Exchange rates also affect inbound and outbound travel. Americans traveling abroad will find their currency buys more; on the other hand, depreciation of Asian currencies will likely mean Asians thinking twice if they should fly or not.
So get ready for more turbulence!
In our view, the rise of the greenback will pose a serious challenge for airlines, including US carriers. Exchange rates at different points of sales (different countries) affect the analysis and optimization of airline prices.
For example, US carriers flying to Asia Pacific via Tokyo, such as Delta and United, will see a decline in revenue given the decline of the Japanese yen (JPY). The same could happen to flights say, from New York to continental Europe, with passengers buying tickets using euros (EUR) from the US carriers’ European websites.
An International Air Transport Association (IATA) Airline Cost Management Group (ACMG) report in 2013 concluded that a successful currency management and exchange rate risk mitigation could “easily add 10%-20% of the bottom line” while a lack of it “could erode the profits or increase losses by as much as 50%”. Scary, isn’t it?
What about borrowing costs for airlines, or leasing costs – won’t they go up? Robert Martin, the MD of Asia’s top lessor BOC Aviation (BOCA) and a shrewd forecaster of market trends, reckons 2017 will be just fine for most airlines. He isn’t worried about 2017, where lessors such as BOCA and others are still likely to be able to offer airlines reasonable rentals and attractive spreads. Aircraft financiers, too, are unlikely to make drastic changes to the cost of borrowing. The concern, Martin feels, is what happens in 2018…

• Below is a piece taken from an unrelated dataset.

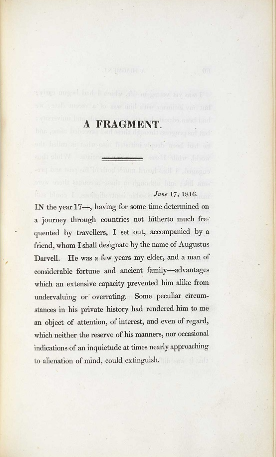 "A Fragment" by Lord Byron, from the 1819 collection Mazeppa, published in London by John Murray.

Airbus A350 rewriting the book
First tier airlines that are taking deliveries of their Airbus A350XWB aircraft are maximising the plane’s excellent economics.
On October 23 Singapore Airlines (SIA) started flying Singapore to San Francisco direct using the aircraft and this week announced it plans to fly to Stockholm’s Arlanda Airport in May 2017 using the A350-900.
This will be a codeshare flight with Scandinavian (SAS) and part of the SIA-SAS joint venture. Both carriers are in the Star Alliance grouping. The journey has a short stop in Moscow before proceeding to Sweden.
From January 17, 2017 SIA will also be deploying the A350-900 to Manchester and then onwards to Houston. The Airbus plane replaces a Boeing B777-300ER that currently flies the sectors. The A350 will be configured into three classes namely business, premium economy and economy. Interestingly the change removes the first class offering that is now available on board the B777-300ER.
Meanwhile, Cathay Pacific too is deploying an A350 from June 2017 for its Hong Kong to Manchester sector. Frequencies will be raised to 5x weekly, from 4x currently using the B777. We believe Cathay will eventually up the frequencies to daily flights.
What SIA and Cathay are doing reinforces the value of the A350XWB – a plane that offers the lowest trip cost compared to the B777, while extracting the most yields. We understand loads on the carriers’ A350 flights have been healthy and with more frequencies there is the prospect of rising freight business as well.